One of the best things about spending December of 2017 travelling through Germany, was that nearly every town we visited had its own Christmas market. And most of the time it was the perfect place to visit with our dog: whether to have a cheap bratwurst on a roll for lunch, or to spend the evening drinking glühwein and browsing the stalls.
Even though most restaurants and many shopping centres in Germany are dog-friendly, it was still great to have this other fun option available to us. No matter whether you’re on the Continent, in the UK or in the US, visiting Christmas markets with your dog is a great idea, as long as your follow these tips.
1. Check Whether Dogs Are Allowed
While the Christmas markets that we visited in Germany had no restrictions on dogs (just like many other places in Germany), occasionally there are Christmas markets that are fenced off and charge an entry fee. In that case, there’s a chance that dogs may not be permitted, so check the rules.
Additionally, in some other parts of the world outside of Germany and other dog-friendly European countries, dogs may also be frowned upon at regular Christmas markets. There’s also a chance they are held at venues where dogs are not permitted year round. So, if you’re in doubt, check the rules first.
2. Avoid Busy Markets (or Busy Periods)
One of the most famous Christmas markets is the one in the Old Town of Cologne (or Köln, in German). However, visiting the market on the first evening we arrived in Cologne with our dog was a bad idea.
It was so crowded, it was difficult for anyone to move around, let alone with a dog. And that’s considering our dog, Schnitzel, is small and I could just pick him up and cradle him in my arms.
I also once visited the Christmas Market outside the Town Hall in Munich, and had a similar squeezy experience.
Everyone, especially your dog, will enjoy the experience more if there’s plenty of room to move, plus find a table to stand at and eat or drink. Consider one of two options. Either visit the less popular Christmas markets, either further out from the city centre or in smaller towns.
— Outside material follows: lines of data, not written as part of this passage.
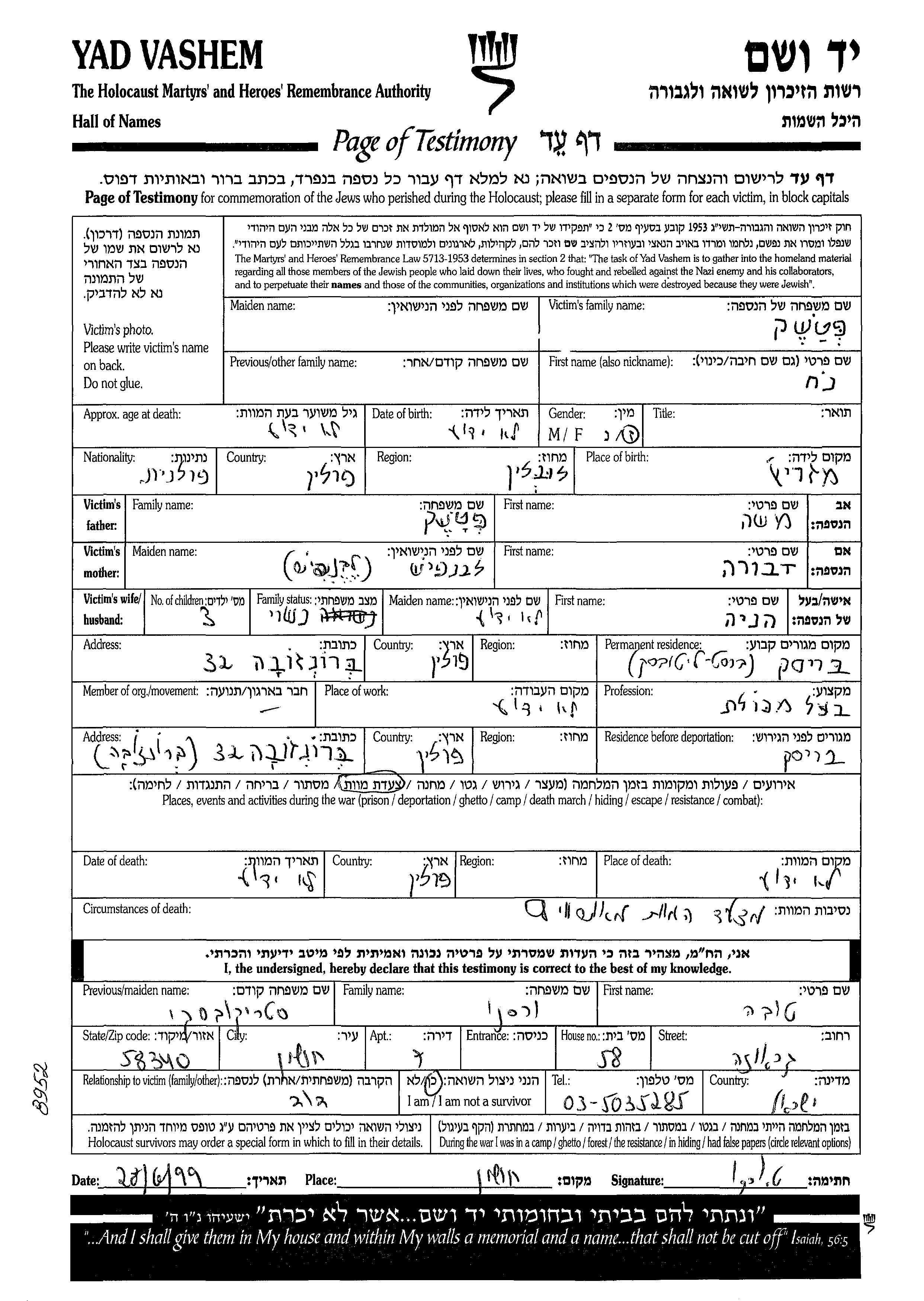 Yad Vashem - Pages of Testimony Names Memorial Collection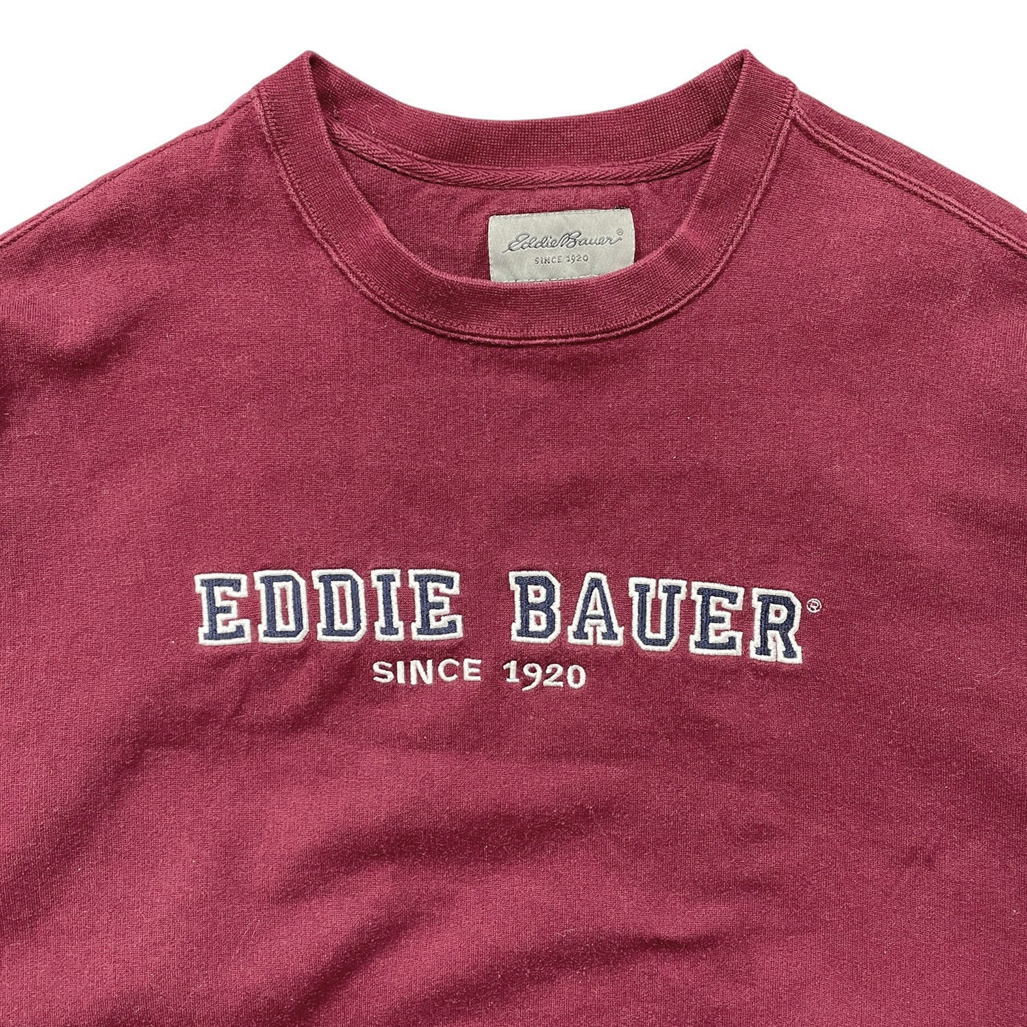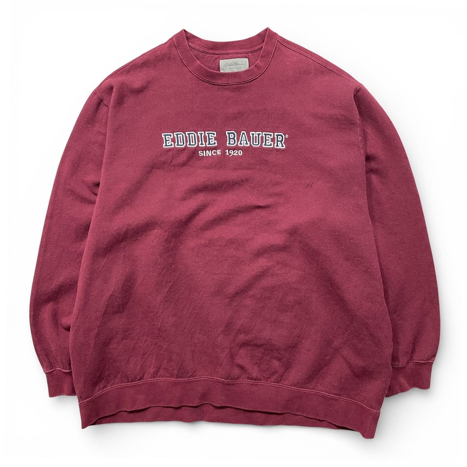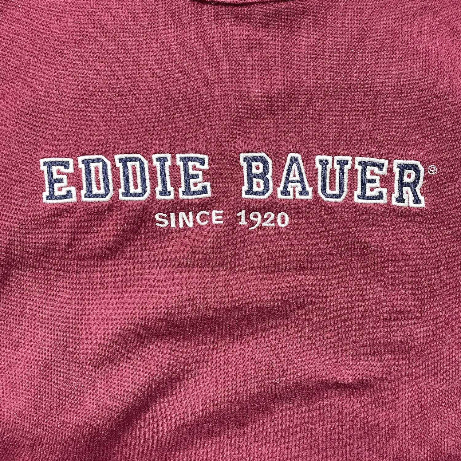 USA 古着 Eddie Bauer エディーバウアー 刺繍 ロゴ クルーネック スウェット トレーナー ボルドー メンズXL アウトドア BD3334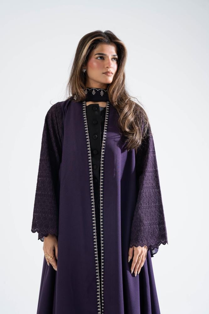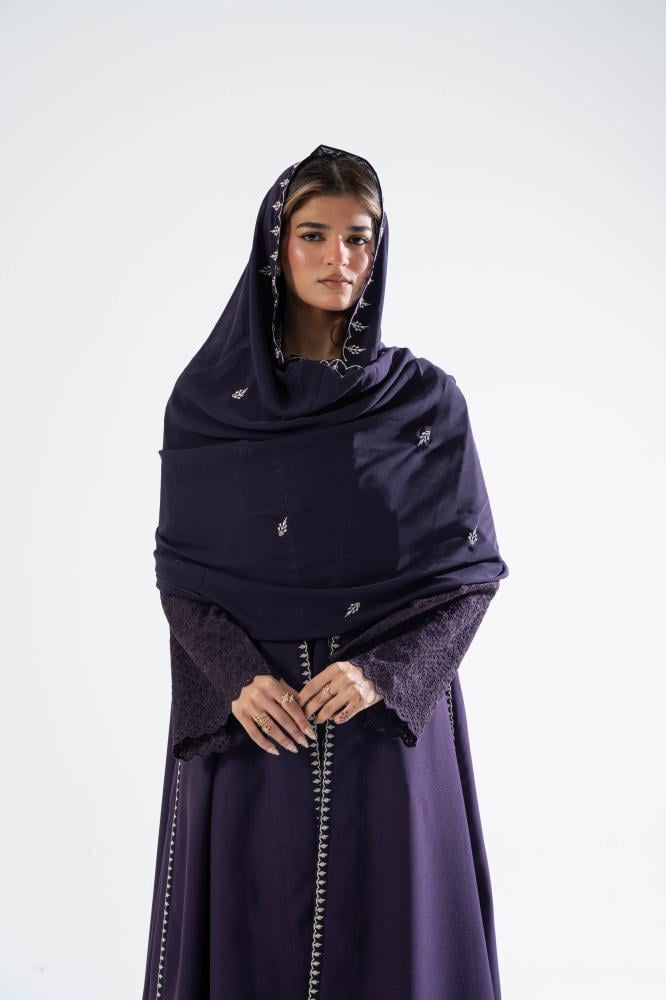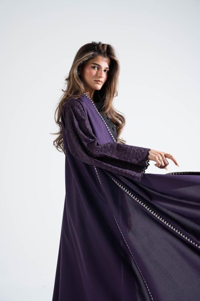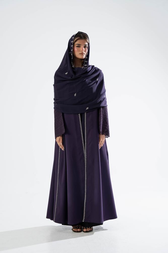كريب كتان بقصه دبل كلوش تطريز باطراف العبايه
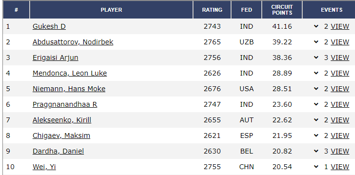 Прекрасно понимаю, что о ФИДЕ-туре сейчас никто не вспоминает. Тем не менее: победа в ТП принесла Гукешу временное лидерство в Туре-2024. За Вейк они с Абдусатторовым получили очков поровну, а первое место в ТП оказалось на 2 балла "дороже" первого места в Прага Мастерс.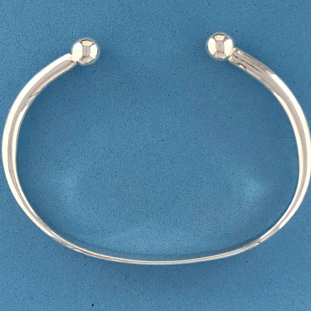 Sterling Silver handmade torque bangle with rounded ball ends.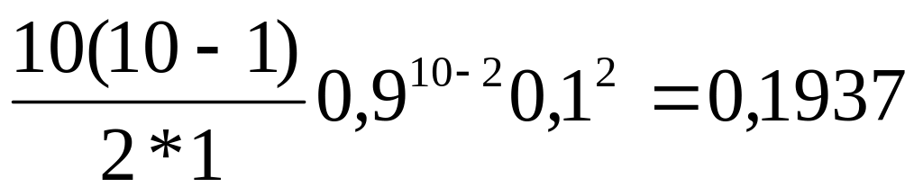 Відповідно імовірність однієї, двох та 10 відмов на тиждень: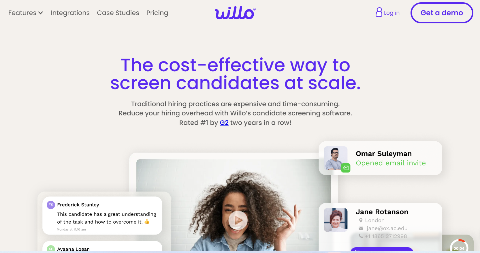 Willo is used for conducting video interviews with candidates, allowing HR personnel, hiring managers, and recruiters to screen and assess candidates from anywhere in the world. It offers features such as pre-recorded and live video interviews, AI-powered assessments, and integrations with applicant tracking systems (ATS) to help you find the best candidates for your open positions.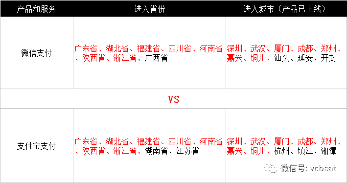 (数据来源:腾讯和蚂蚁金服公开信息 截止时间:2017年11月 注:红色为微信和支付宝相同的省份或地区)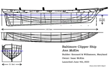 Ann McKim was a Baltimore clipper, measuring 143 feet in length, making her "easily the largest merchantman of her day...and...by far the handsomest."[2] William M. Williamson, a notable authority on sailing ships at the time, described her as "a thing of beauty."[6] She had three sail yards and royal stunsails.[15] Her square raking stern and the heavy after-drag were the common features of Baltimore clippers then. She was also distinguished by her long, easy waterlines with low freeboard and a V-shaped hull.[16] Her length-to-width ratio of over 5:1 corresponded to an extreme clipper. The bow was round in contrast with the sharp bows of the later clippers. Her bow was decorated with a figurehead in a shape of a woman. She had sloping keel—another feature that was not present in true clippers.[17] The frame was made of live oak. The hull was covered with imported red copper, adding $9,000 to her total cost.[2] (The use of copper was probably related to the fact that Isaac McKim Isaac owned a copper rolling and refining mill.[5]) The decks were of teak[18] and her rails, hatch coamings, and skylights were finished with Spanish mahogany. The finest materials used in her construction were personally selected by Captain James Curtis.[2] She also had twelve brass guns mounted on her together with brass capstan heads and bells.[8] The figurehead was design after the wife of the owner, Mrs. Ann McKim.[19]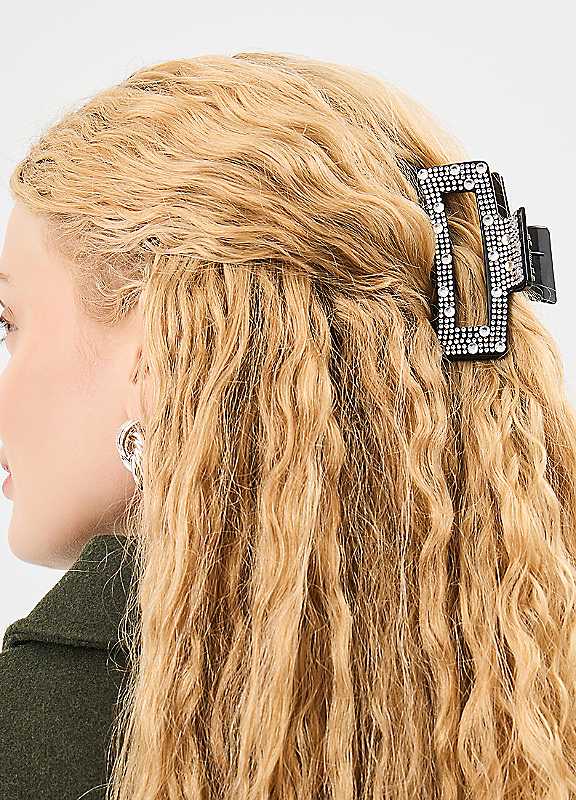 Add a little shimmer to your daily 'fits with this embellished claw clip. Dotted with an assortment of small and large rhinestones, it'll be the saviour on bad hair days.Wipe clean50% Plastic, 405 Glass, 10% PolyesterLength approx. 10 cm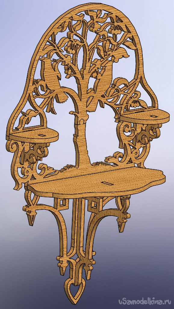 На днях решил сделать приятное на работе. А именно изготовить резную полочку на стену в нашей новой столовой. Для начала поискал что то интересное в интернете. И, о!, чудо какое то )))), подобрал интересный вариант.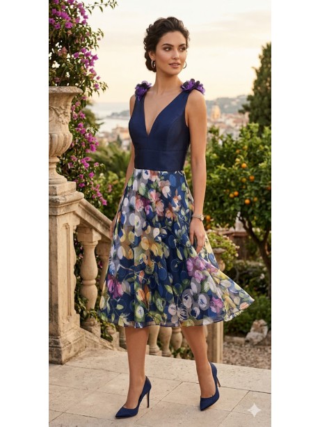 El vestido de fiesta corto Lola azul estampado de Nuribel es una opción elegante y actual para invitadas que desean brillar en eventos especiales. Su parte superior en satén azul marino resalta por el escote en V profundo y los tirantes adornados con flores en relieve, que aportan un toque romántico y sofisticado. La falda con vuelo y estampado floral multicolor equilibra frescura y vitalidad, logrando un contraste perfecto con el cuerpo liso. Este diseño favorecedor resalta la silueta y aporta movimiento, convirtiéndose en una elección ideal para bodas de día, bautizos, comuniones o celebraciones donde quieras deslumbrar con un estilo único. Un vestido que combina feminidad, modernidad y distinción en cada detalle.
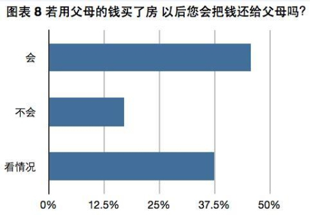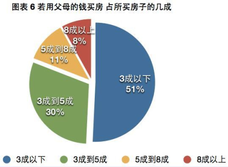 調查顯示,51%的被訪者在使用父母錢買房時,在房屋總價格的3成以下。而3到5成的占30%,5成到8成的占11%,8成以上的僅8%。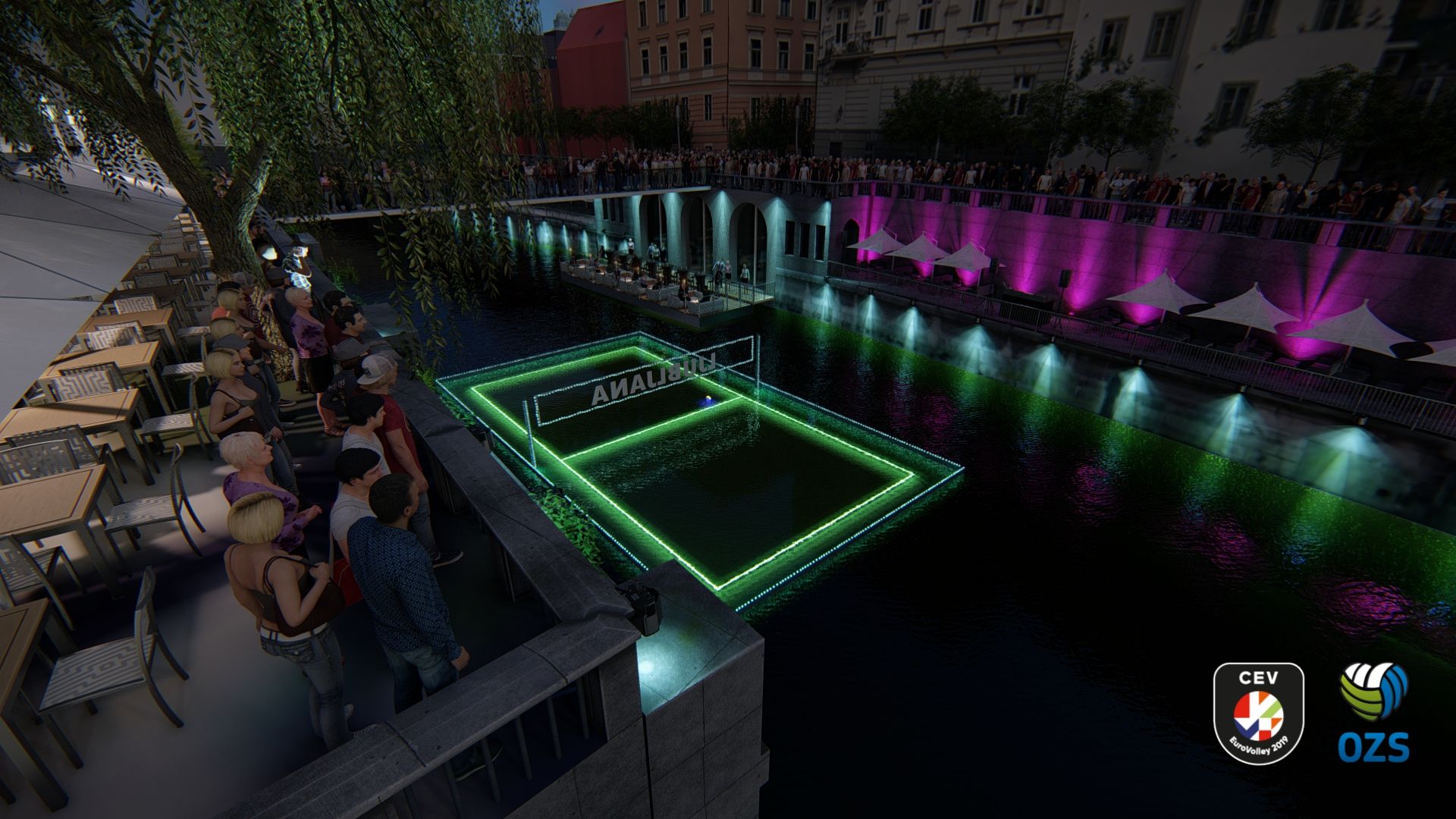 Organizatorji večernega spektakla, ki bo pod okriljem Odbojkarske zveze Slovenije potekal v sklopu promocije septembrskega evropskega prvenstva, že odštevajo ure do splavitve enkratnega odbojkarskega igrišča, ki se bo v vsem svojem razkošju zableščal na Ljubljanici, v neposredni bližini Tromostovja, Ribje brvi oziroma lokala Makalonca.

Alternatively, visit at less busy times of the day. We returned to the market in Cologne during the day, and there were far less people. Generally avoid the period from 5pm to 7pm, perhaps until 8pm.
3. Look After Your Dog
The best way that you can look after your dog at Christmas Markets is to avoid busy markets where they could get trampled or get scared. But even if the market isn’t that busy, there’s certain other things you should do.
Always keep your dog on a short leash, and if it’s the local custom, considering putting on their muzzle. (Think about the rules on the local public transport, where they also come into close contact with people.) Small dogs might appreciate being carried, even if it’s not that busy.
Be cautious about food possibly dropped on the ground. Lots of people are holding and eating snack food, so some things are likely to be dropped. Try and steer your dog clear of tidbits on the ground, especially if they’re like my dog and will eat anything.
If you see your dog eating something, try and remove it or get them to spit it out, if possible. Dangerous items include onions, chocolate and spicy food.
Finally, if there’s any braziers around, keep your dog away from them, to avoid the risk of burns and singes. Plus, if it’s cold enough for you to be standing around one, make sure your dog isn’t feeling the cold. It’s the perfect time for them to wear a smart coat, perhaps in a festive pattern!
My Christmas Market Recommendations
After spending two Christmas market season in Europe, these are my top recommendations for what Christmas markets to visit, with or without your dog.
Top Pick: Ulm, Germany
After visiting countless Christmas markets, my favourite market is the one in the central square of the small German city of Ulm.
This market is great on so many levels. It’s in a beautiful location, next to Ulm Munster, currently the tallest church in the world. Off to one side there’s a model train set up, travelling through festive scenes, along with a larger train for children to take rides on.
There’s plenty of food options, complete with a helpful list of what’s available at each stall along with prices, at the entrance to the market. And the nativity scene has real live animals.
Additionally, because it’s not one of the famous markets, frequented by tourist groups, it’s not too crowded, so it’s great to visit with your dog. Okay, it can get a bit crowded during the early evening, but it’s easy to hang around the edges and have plenty of room.
Note however that dogs were not allowed at the markets in 2021, due to safety reasons, so double check they are permitted in future years.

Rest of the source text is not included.